(Source records)
━━━
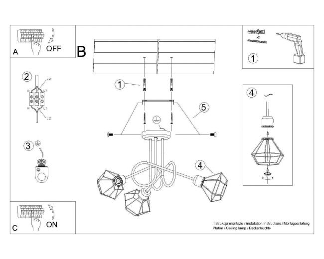 Hehkulamppu: E14, 3x40W, 3x12W LED, 50-60Hz, ~ 220-230V, IP20, laiteluokka I
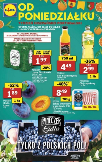 {loadposition linkLidl1} 'Od poniedziałku tydzień hiszpańsko-portugalski' - nowa gazetka promocyjna sieci sklepów Lidl. Polecane promocje z gazetki sklepów Lidl: Piwo Okocim 6x500 ml - 11,94 zł. Sok z klementynek Sol&Mar 750 ml - 4,49 zł. Olej rzepakowy Promienna 1…
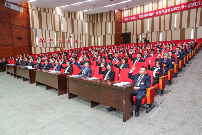 大会号召,全校各级党组织、全体党员和广大师生员工在新一届党委的领导下,要更加紧密地团结在以习近平同志为核心的党中央周围,忠诚捍卫“两个确立”,坚决做到“两个维护”,坚持以习近平新时代中国特色社会主义思想为指引,深入学习宣传贯彻党的二十大精神,弘扬伟大建党精神,不忘为党育人初心,牢记为国育才使命,落实立德树人根本任务,勇于直面困难和挑战,坚定不移走内涵式高质量发展道路,守正创新、踔厉奋发、务实工作,为建设高水平一流师范而不懈奋斗!
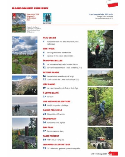 Vous y lirez notamment des articles de retour de rando, tant en Belgique qu’à l’étranger.
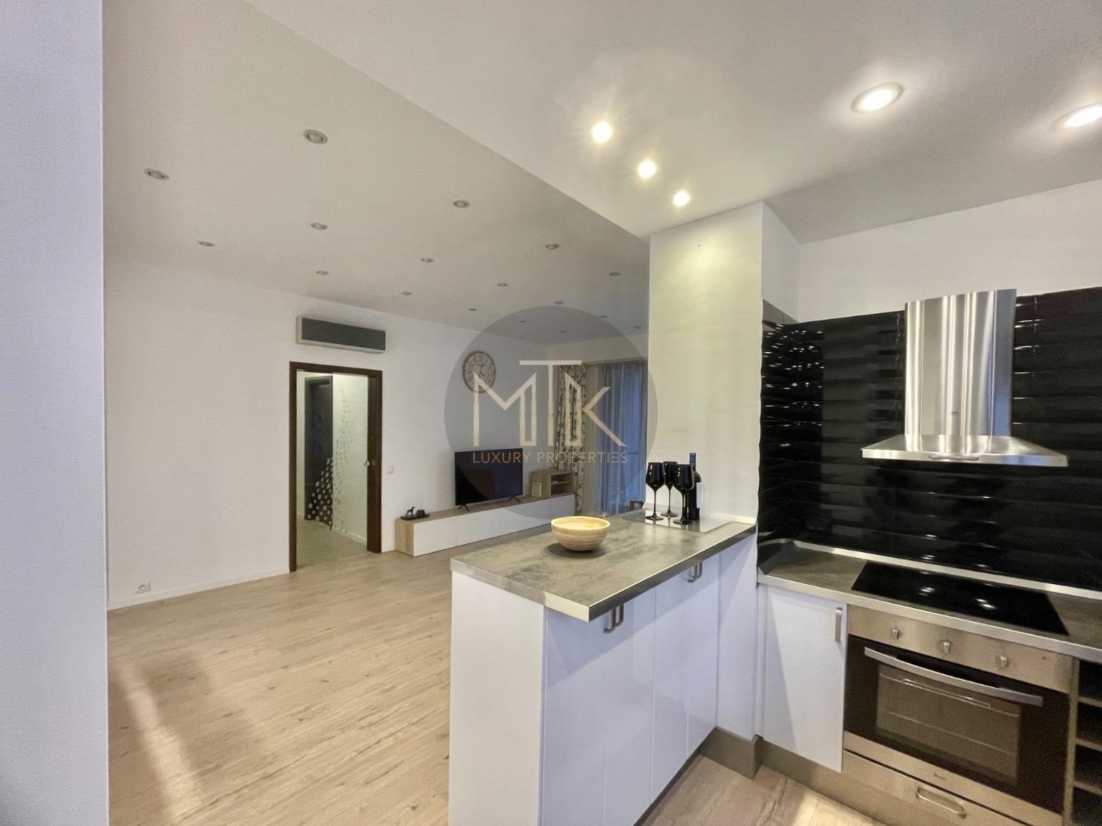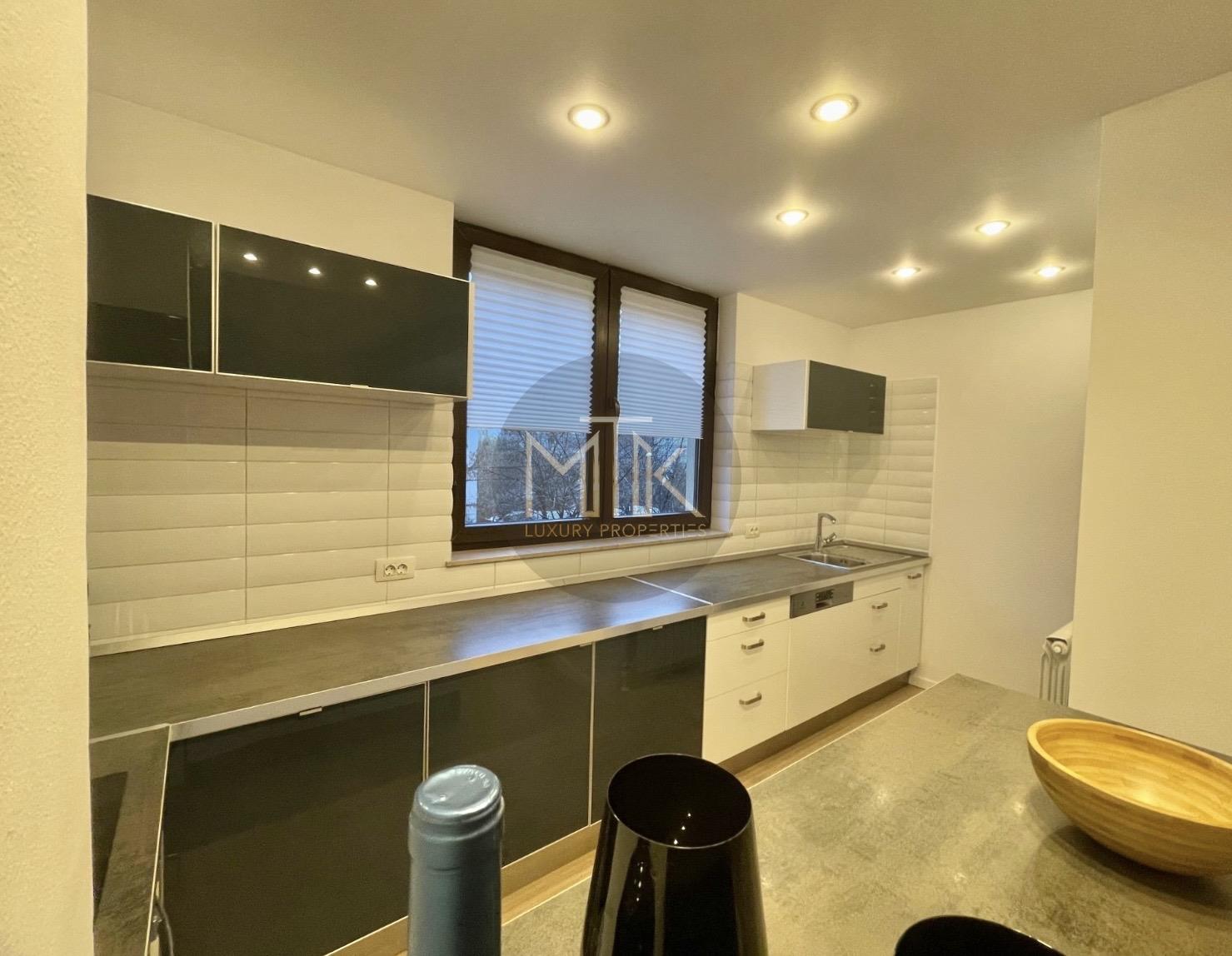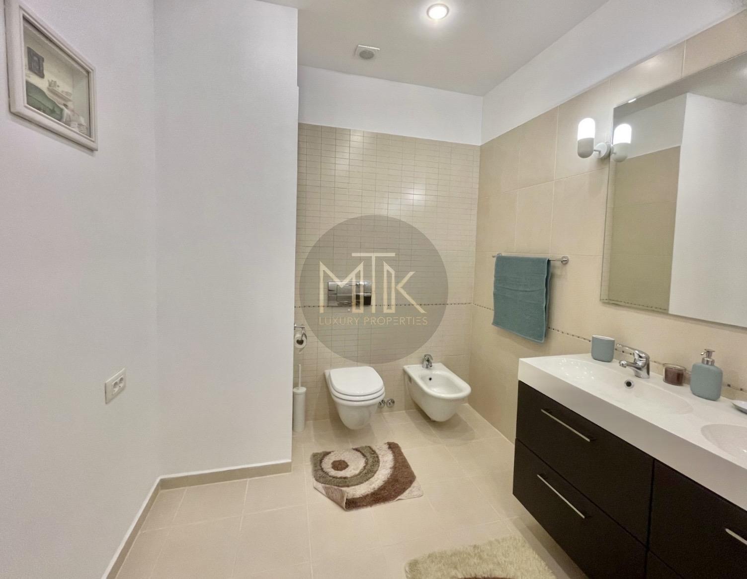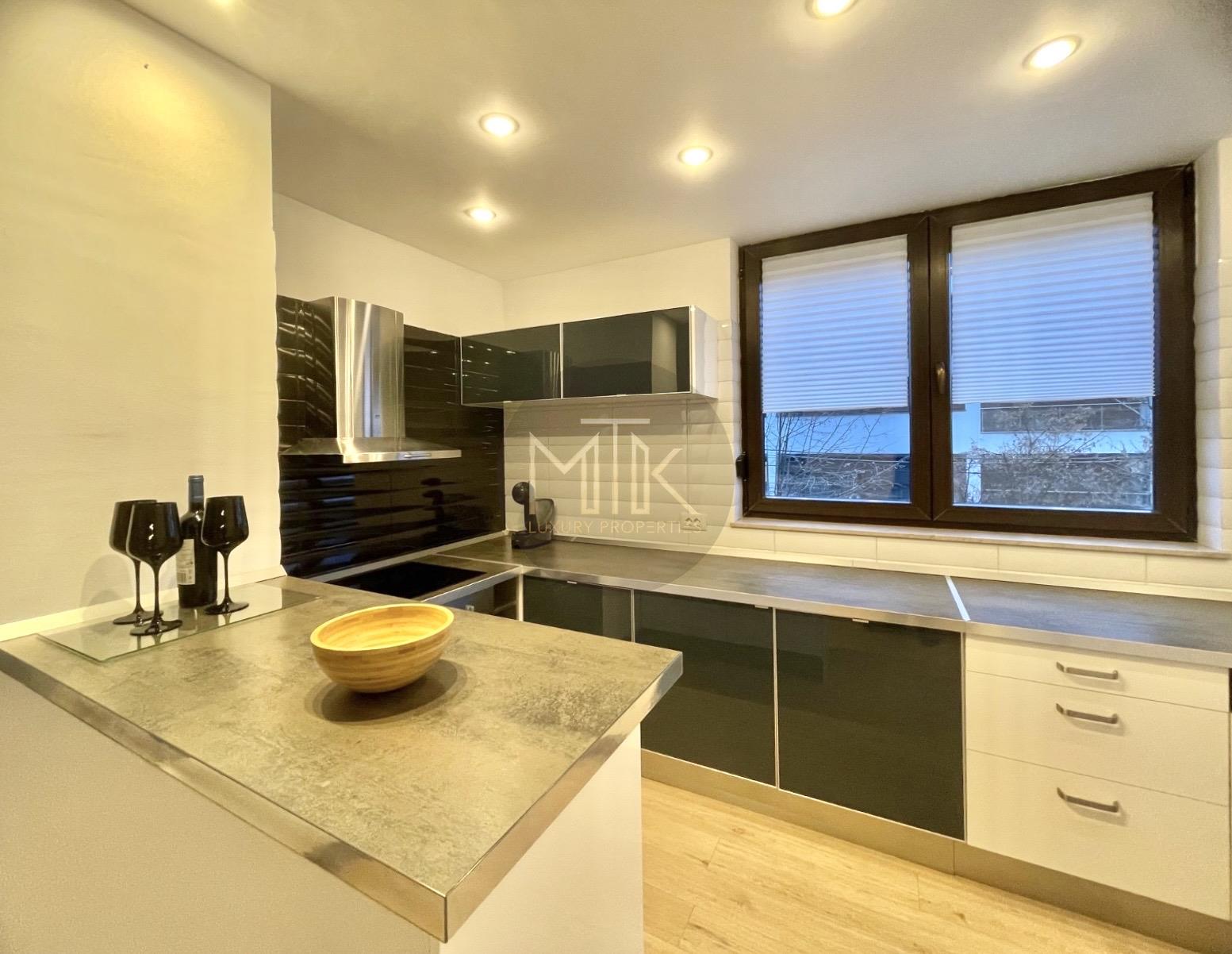 Apartamentul este compartimentat eficient, oferind un living generos si luminos ce comunica armonios cu zona de dining si bucataria open-space, complet mobilata si utilata cu electrocasnice moderne (inclusiv masina de spalat vase). Zona de noapte este compusa din doua dormitoare spatioase (unul dintre el dotat cu pat king-size si un dressing incapator pentru organizare optima si unul nemobilat, unde poti eficientiza spatiul asa cum iti doresti - dormitor, birou, camera de joaca, hobby etc) la care se adauga doua bai finisate modern (una dotata cu cada, iar cealalta cu cabina de dus) si un balcon placut. Pentru un confort termic sporit, fiecare camera este dotata cu aer conditionat. Accesul pe terasa se face din living, oferind o panorama relaxanta asupra gradinii interioare cu alei, foisor si helesteu cu pesti – o oaza unica de liniste si racoare in mijlocul orasului.
━━━
= TRY IT =
Return every entry word for word, but drop any pictures.

= RESULT OF THIS TASK =
 Hehkulamppu: E14, 3x40W, 3x12W LED, 50-60Hz, ~ 220-230V, IP20, laiteluokka I
 {loadposition linkLidl1} 'Od poniedziałku tydzień hiszpańsko-portugalski' - nowa gazetka promocyjna sieci sklepów Lidl. Polecane promocje z gazetki sklepów Lidl: Piwo Okocim 6x500 ml - 11,94 zł. Sok z klementynek Sol&Mar 750 ml - 4,49 zł. Olej rzepakowy Promienna 1…
 大会号召,全校各级党组织、全体党员和广大师生员工在新一届党委的领导下,要更加紧密地团结在以习近平同志为核心的党中央周围,忠诚捍卫“两个确立”,坚决做到“两个维护”,坚持以习近平新时代中国特色社会主义思想为指引,深入学习宣传贯彻党的二十大精神,弘扬伟大建党精神,不忘为党育人初心,牢记为国育才使命,落实立德树人根本任务,勇于直面困难和挑战,坚定不移走内涵式高质量发展道路,守正创新、踔厉奋发、务实工作,为建设高水平一流师范而不懈奋斗!
 Vous y lirez notamment des articles de retour de rando, tant en Belgique qu’à l’étranger.
 Apartamentul este compartimentat eficient, oferind un living generos si luminos ce comunica armonios cu zona de dining si bucataria open-space, complet mobilata si utilata cu electrocasnice moderne (inclusiv masina de spalat vase). Zona de noapte este compusa din doua dormitoare spatioase (unul dintre el dotat cu pat king-size si un dressing incapator pentru organizare optima si unul nemobilat, unde poti eficientiza spatiul asa cum iti doresti - dormitor, birou, camera de joaca, hobby etc) la care se adauga doua bai finisate modern (una dotata cu cada, iar cealalta cu cabina de dus) si un balcon placut. Pentru un confort termic sporit, fiecare camera este dotata cu aer conditionat. Accesul pe terasa se face din living, oferind o panorama relaxanta asupra gradinii interioare cu alei, foisor si helesteu cu pesti – o oaza unica de liniste si racoare in mijlocul orasului.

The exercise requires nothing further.